I wander around the aisles, and while the details of this store are a little different from my old one (more Spanish/Mexian foods, fewer Asian/Middle Eastern), it is essentially the same. When you shop for a long time (like 11 years long) at a store catering to a diverse immigrant community, you get used to the brands they sell. You often decide you like them better than the brands you can buy at the bigger, more mainstream stores. And when the bigger, more mainstream stores are all you can find to shop in, you realize that you are missing what has become to feel normal. Seeing my usual brand of yogurt, which we hadn't had in over two months made me want to jump up and down.

But it was the meat case that really clinched my future relationship with this new store. It was those pigs' heads wrapped up in plastic wrap. They were the reason why I found a lump in my throat. It wasn't because I felt sorry for the pigs... fat lot of good that would do any of them now. It wasn't even because I had been yearning to buy one, and now my dreams were fulfilled. (Though I did buy a plastic wrapped goat's head once.) No, it was because I had found a store where I could be comfortable shopping again. It was one thing that now didn't need to be changed all that significantly in my life. A little piece of my old life had suddenly seemed to appear in my new life, and that made me very, very happy.

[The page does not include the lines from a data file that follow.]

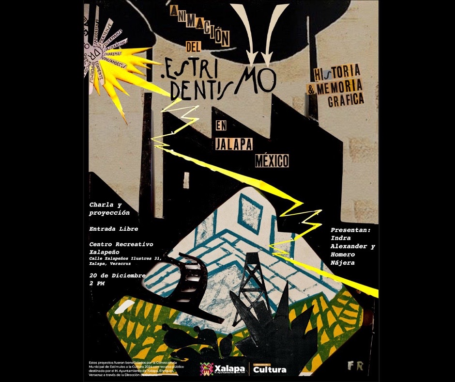 A las 14:00 horas, en el CRX, se presentará “Animación del estridentismo en Xalapa. México”, uno de los proyectos beneficiados con la Convocatoria Estímulos a la Cultura 2024. Se trata de una propuesta de Indra Alexander y Hómero Nájera.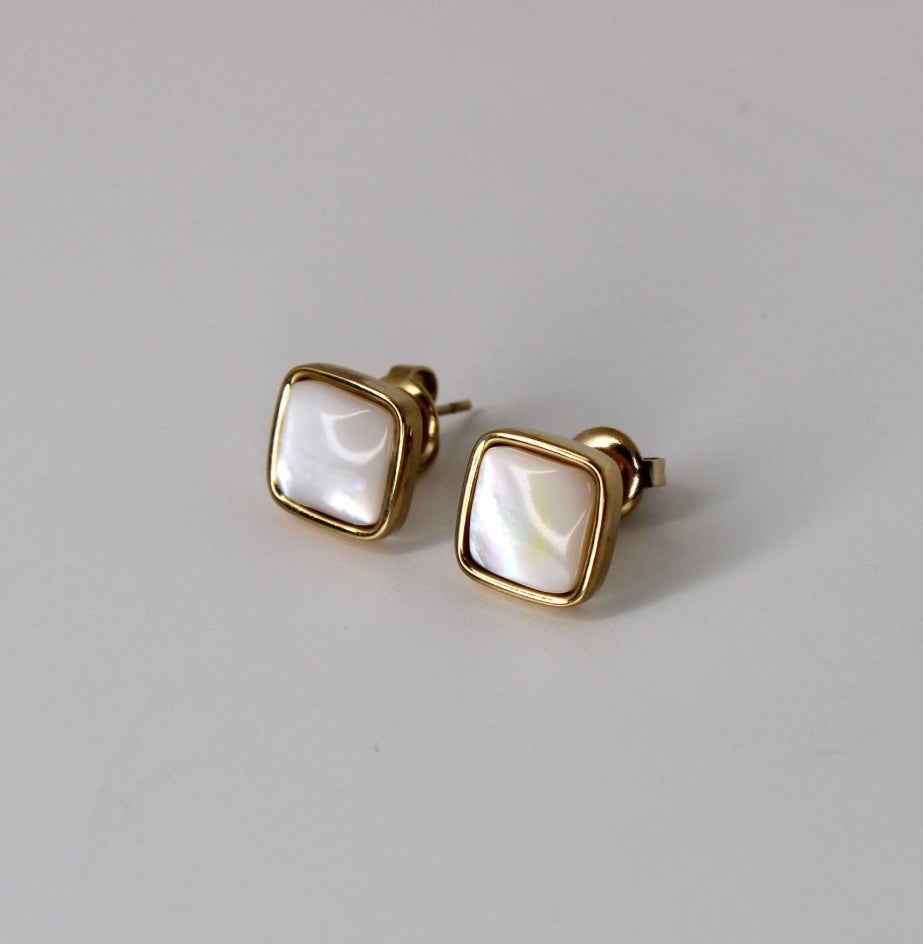 Boucles d’oreilles Cindy carrées nacrées – Doré & Nacre blanche
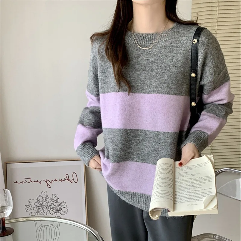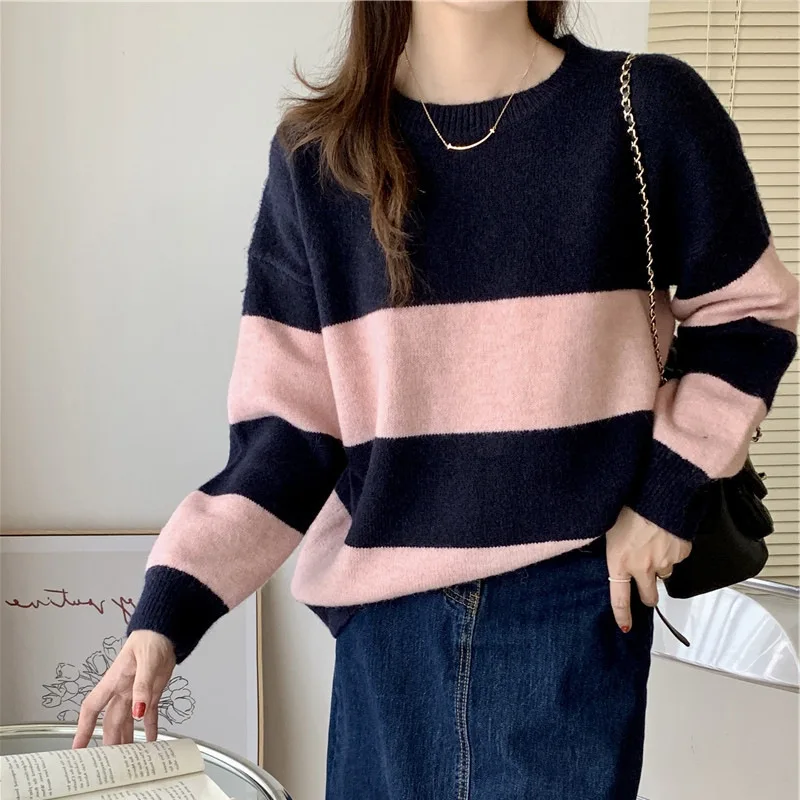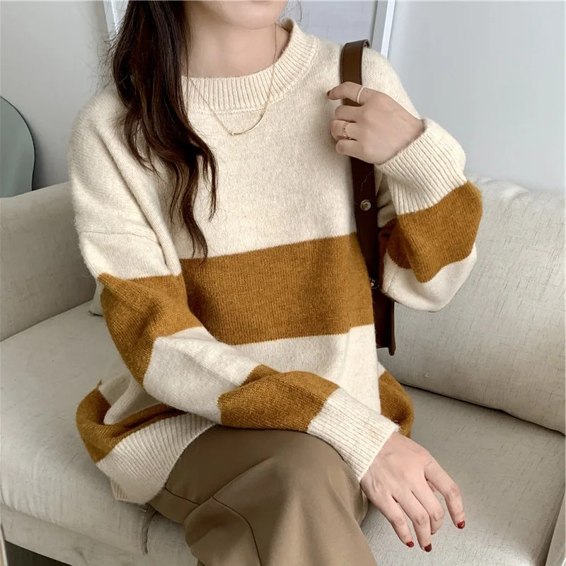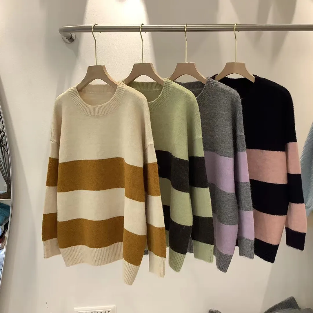 vTxBNKUVKoДолго искали Autumn and Winter New Vintage Color Contrast Stripe Round Neck Sweater Women's Loose Foreign Soft Waxy Sweater Top, но не могли найти? Предоставляем вашему вниманию Autumn and Winter New Vintage Color Contrast Stripe Round Neck Sweater Women's Loose Foreign Soft Waxy Sweater Top по лучшей цене на рынке!
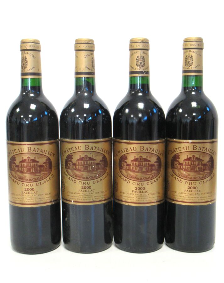 4 Blles CH. BATAILLEY Pauillac GCC 2000 Et. bonnes. N : 3 mi/bas goulot, 1 bas goulot.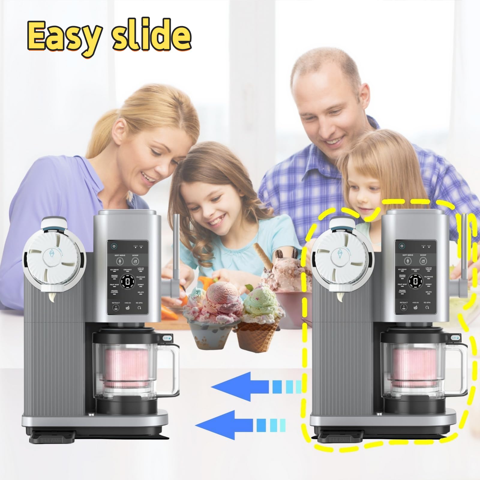 - Easy Sliding:The smooth bottom of the sliding Pad allows you to easily move the ice cream maker without using a lot of force.the non-slip surface design can fix the machine on the sliding Pad,won't scratch the table when you move it.
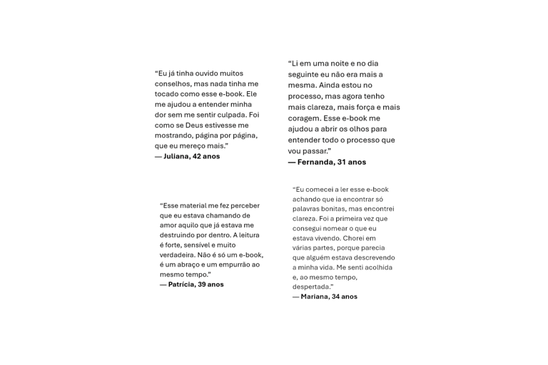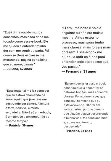 Este e-book é para mulheres que sentem que estão vivendo uma relação que machuca, confunde, diminui ou esgota emocionalmente, e desejam encontrar clareza, força e direção para recomeçar.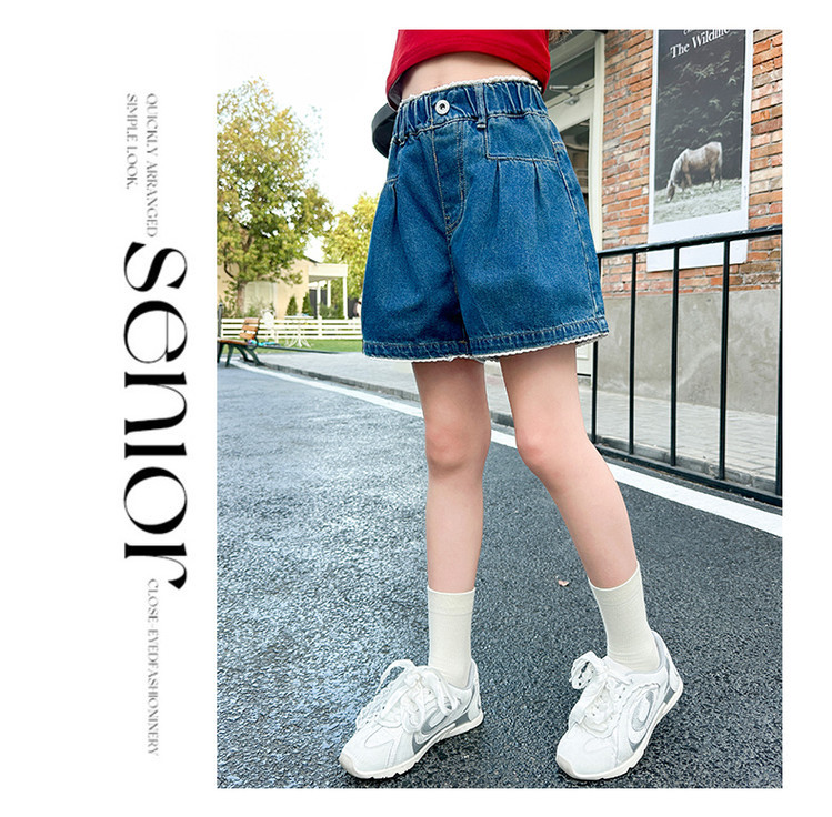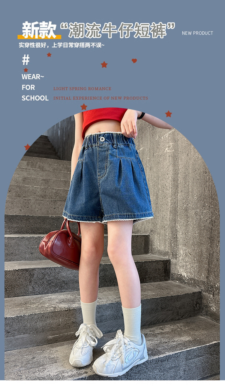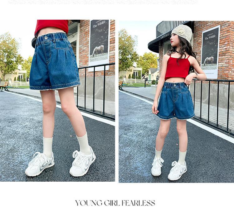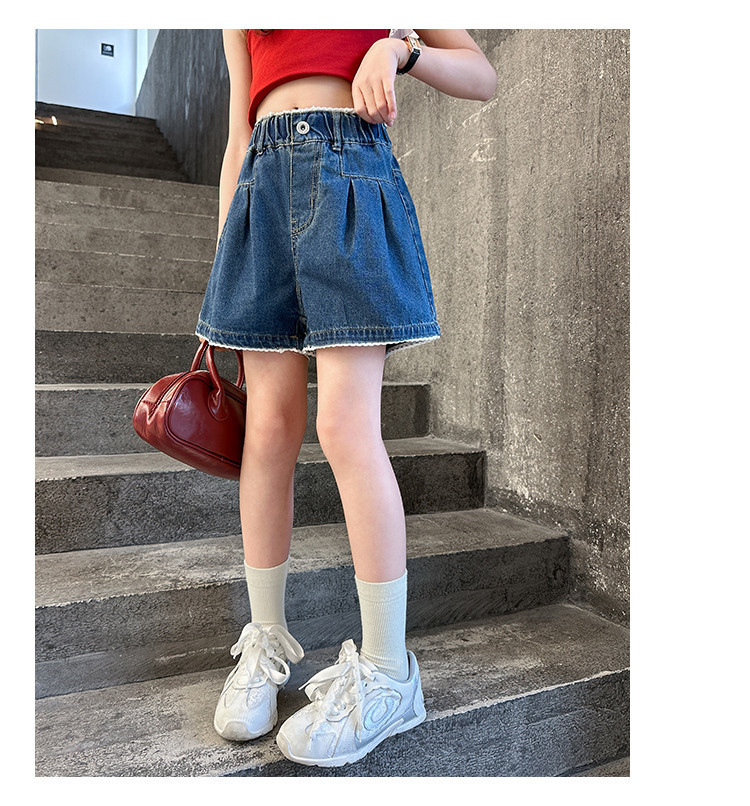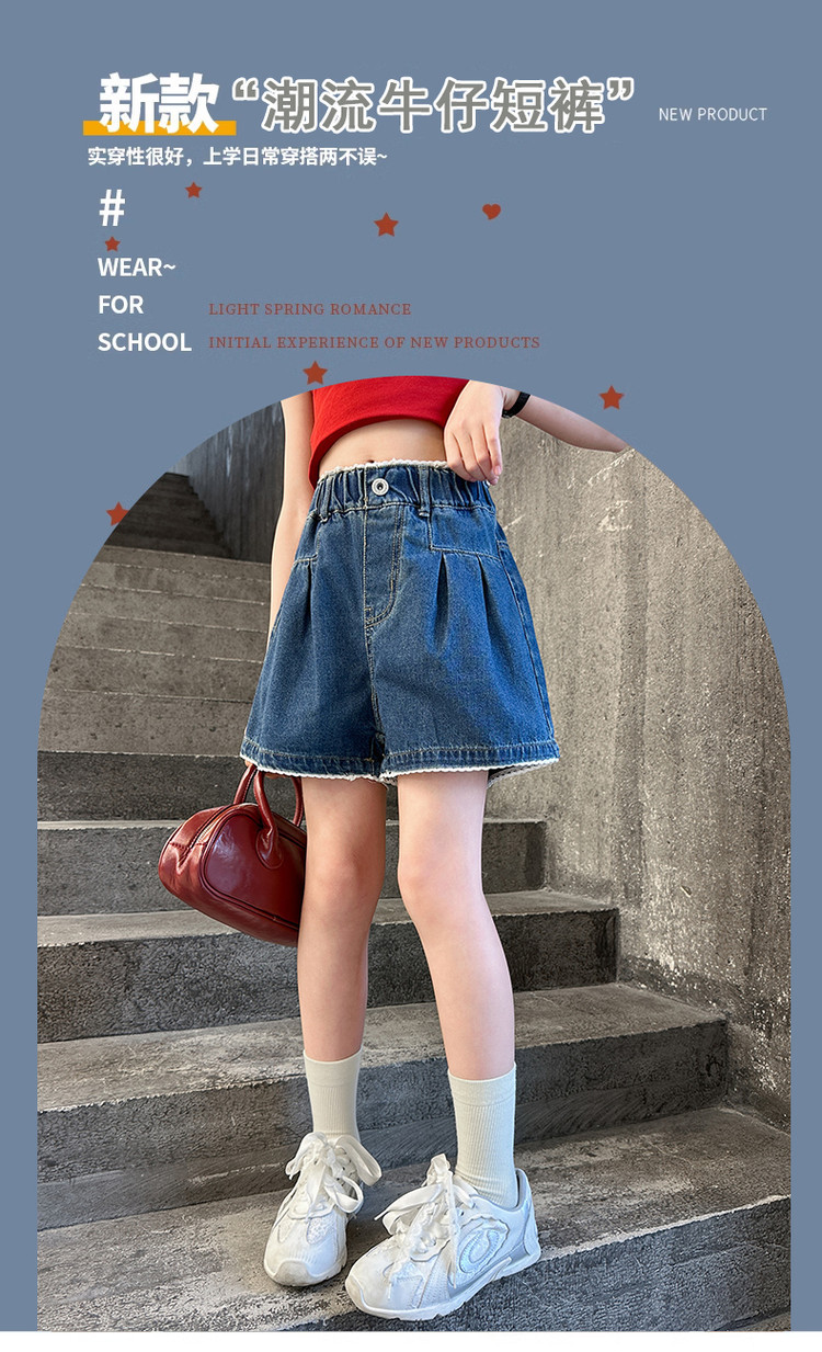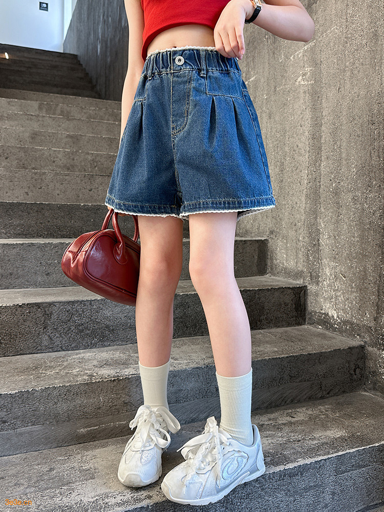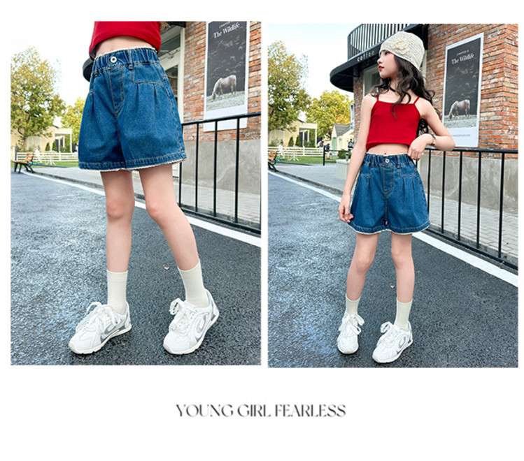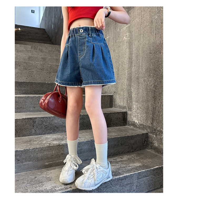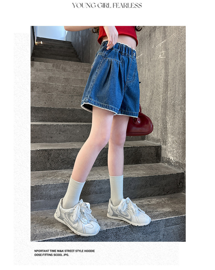 여자 여름 데님 반바지 2025 새로운 어린이 여름 바지 여자 큰 어린이 얇은 반바지 유행 핫 바지스토어 가기

Now some of you are probably a little baffled at my elation over finding a grocery store that I like; at the emotional attachment I feel towards where I shop. If you figure that I spend at least one hour a week grocery shopping, that's at least fifty-two hours spent in the same place every year. I shopped at my old grocery store for at least 11 years, so that makes at least 572 hours of my life spent in that one place. I knew some of the checker's names, and a few of the clerks who had watched my pregnancy with the girls, and then saw me come in with the babies, would always ask how the twins were doing. So there is the personal connection. Then there is the actually good produce and meat at decent prices. I can now go back to feeding my family without breaking the bank. Finally, I enjoy meeting and interacting with a diverse group of people. Life can be dull when everyone is the same. We moved from an area of high diversity to an area of high sameness, and I like to move out of that bubble when I can.

I'm not a big fan of change, and it is a relief to have something that doesn't need to be changed all that much.